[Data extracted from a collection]
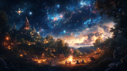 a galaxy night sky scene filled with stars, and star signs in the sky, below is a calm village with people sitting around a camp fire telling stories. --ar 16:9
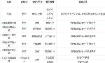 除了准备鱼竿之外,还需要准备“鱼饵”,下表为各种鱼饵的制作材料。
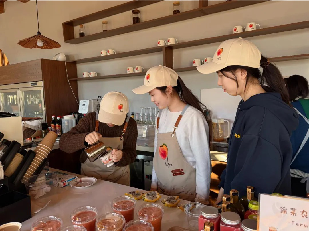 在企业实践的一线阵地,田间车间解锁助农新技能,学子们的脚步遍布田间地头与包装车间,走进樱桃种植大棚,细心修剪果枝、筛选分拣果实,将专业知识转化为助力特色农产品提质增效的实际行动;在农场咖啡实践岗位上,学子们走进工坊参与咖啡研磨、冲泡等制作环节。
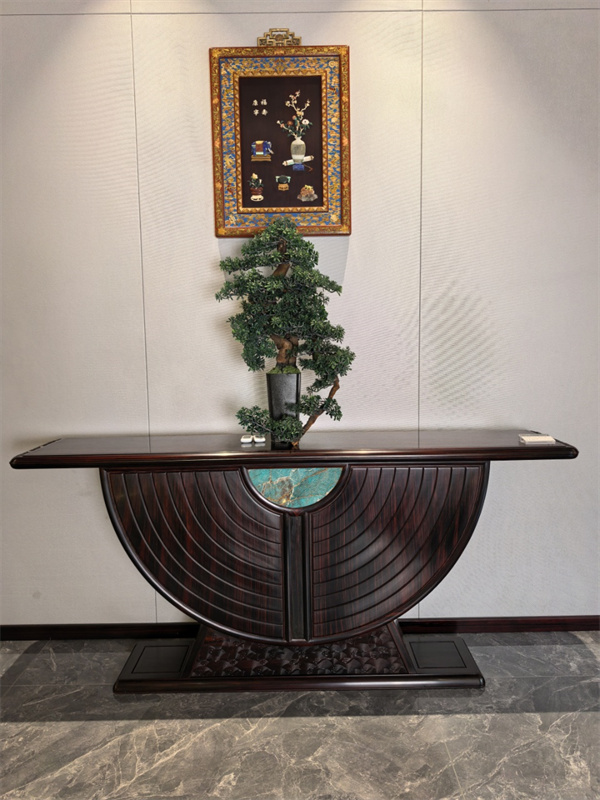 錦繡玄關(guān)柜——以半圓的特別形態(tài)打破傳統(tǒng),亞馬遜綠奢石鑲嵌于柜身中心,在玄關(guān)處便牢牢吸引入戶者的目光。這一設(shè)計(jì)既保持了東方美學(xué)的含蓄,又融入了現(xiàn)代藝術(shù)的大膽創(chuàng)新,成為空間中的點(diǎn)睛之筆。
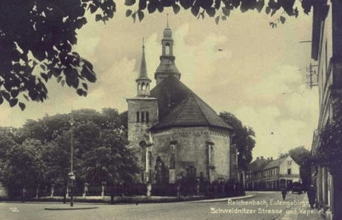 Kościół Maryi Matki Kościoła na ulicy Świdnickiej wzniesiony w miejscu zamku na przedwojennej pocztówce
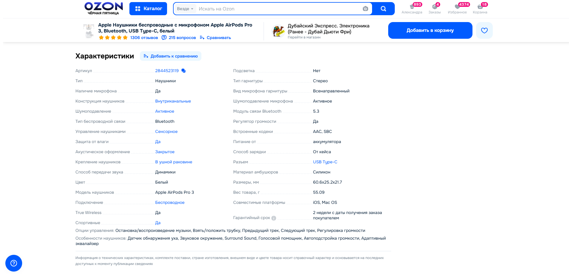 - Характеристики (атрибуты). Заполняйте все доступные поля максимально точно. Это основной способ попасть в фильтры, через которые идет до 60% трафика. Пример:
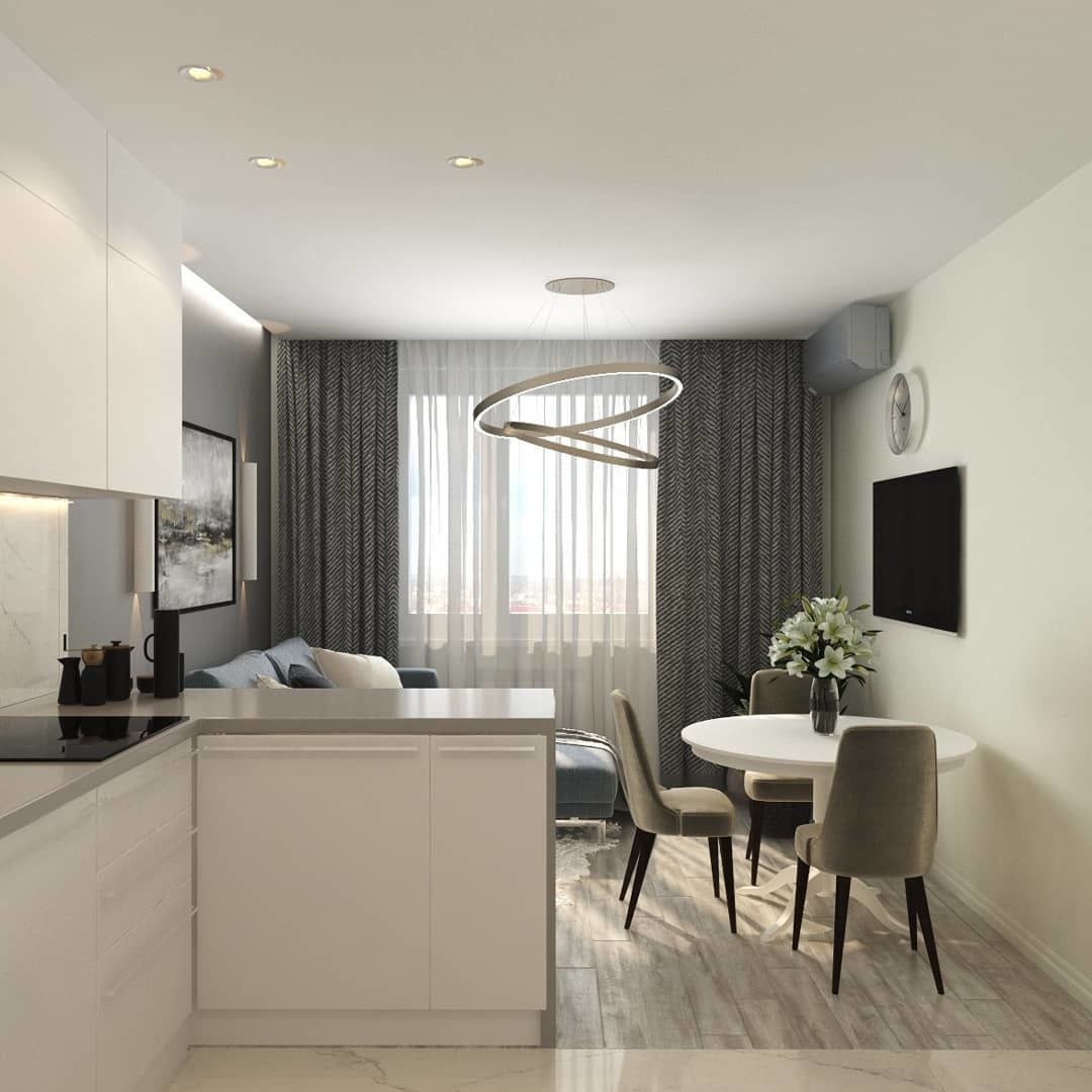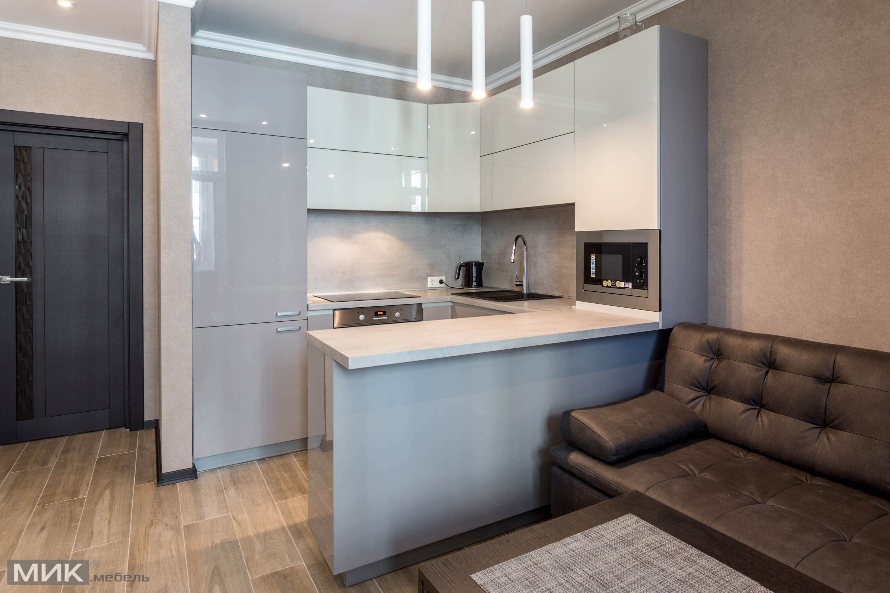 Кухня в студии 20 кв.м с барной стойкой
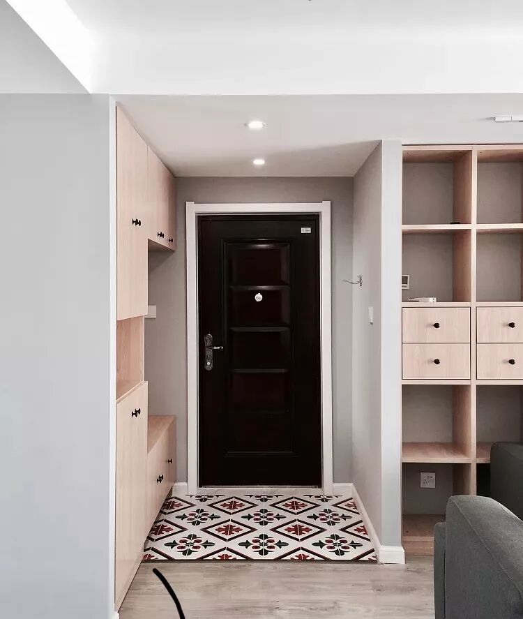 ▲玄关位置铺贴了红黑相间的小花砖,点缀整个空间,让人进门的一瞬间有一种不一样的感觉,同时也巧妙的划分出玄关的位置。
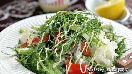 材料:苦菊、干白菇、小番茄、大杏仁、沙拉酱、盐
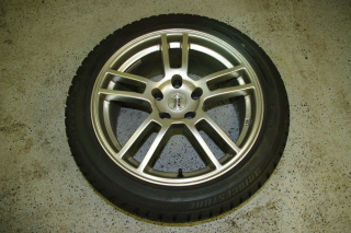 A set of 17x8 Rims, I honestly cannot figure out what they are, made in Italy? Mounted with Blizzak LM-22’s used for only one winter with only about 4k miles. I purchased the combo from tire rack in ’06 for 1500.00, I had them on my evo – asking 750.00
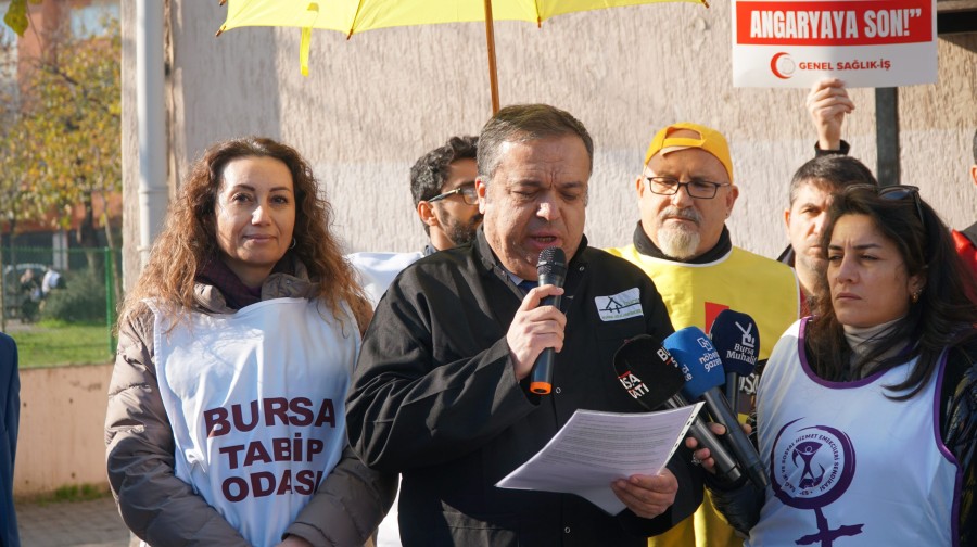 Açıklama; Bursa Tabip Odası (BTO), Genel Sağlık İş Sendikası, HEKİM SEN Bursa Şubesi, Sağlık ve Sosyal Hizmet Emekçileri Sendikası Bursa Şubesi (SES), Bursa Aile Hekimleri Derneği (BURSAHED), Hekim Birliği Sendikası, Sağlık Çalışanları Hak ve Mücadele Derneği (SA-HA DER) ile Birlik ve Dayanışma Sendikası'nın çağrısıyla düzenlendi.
==
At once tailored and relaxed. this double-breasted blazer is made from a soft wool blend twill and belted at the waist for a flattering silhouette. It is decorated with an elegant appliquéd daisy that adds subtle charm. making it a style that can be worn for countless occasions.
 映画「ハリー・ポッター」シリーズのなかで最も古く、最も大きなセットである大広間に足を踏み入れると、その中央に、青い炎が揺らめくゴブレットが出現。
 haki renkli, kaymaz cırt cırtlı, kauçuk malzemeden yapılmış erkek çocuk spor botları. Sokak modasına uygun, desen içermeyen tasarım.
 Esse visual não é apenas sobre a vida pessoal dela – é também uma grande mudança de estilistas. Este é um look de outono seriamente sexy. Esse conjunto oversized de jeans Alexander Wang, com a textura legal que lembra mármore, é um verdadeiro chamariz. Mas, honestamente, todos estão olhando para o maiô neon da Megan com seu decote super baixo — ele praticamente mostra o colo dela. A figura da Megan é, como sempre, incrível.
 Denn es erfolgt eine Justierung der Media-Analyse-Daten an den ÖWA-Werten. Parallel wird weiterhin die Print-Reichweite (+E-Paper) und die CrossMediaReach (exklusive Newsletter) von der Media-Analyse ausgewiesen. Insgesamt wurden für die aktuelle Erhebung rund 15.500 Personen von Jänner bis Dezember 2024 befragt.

Assignment: In the entries above, find the line containing "a galaxy night" and the line containing "在企业实践的一线阵地,田间车", then copy both and every line between them exactly, without any picture.

Answer section:
 a galaxy night sky scene filled with stars, and star signs in the sky, below is a calm village with people sitting around a camp fire telling stories. --ar 16:9
 除了准备鱼竿之外,还需要准备“鱼饵”,下表为各种鱼饵的制作材料。
 在企业实践的一线阵地,田间车间解锁助农新技能,学子们的脚步遍布田间地头与包装车间,走进樱桃种植大棚,细心修剪果枝、筛选分拣果实,将专业知识转化为助力特色农产品提质增效的实际行动;在农场咖啡实践岗位上,学子们走进工坊参与咖啡研磨、冲泡等制作环节。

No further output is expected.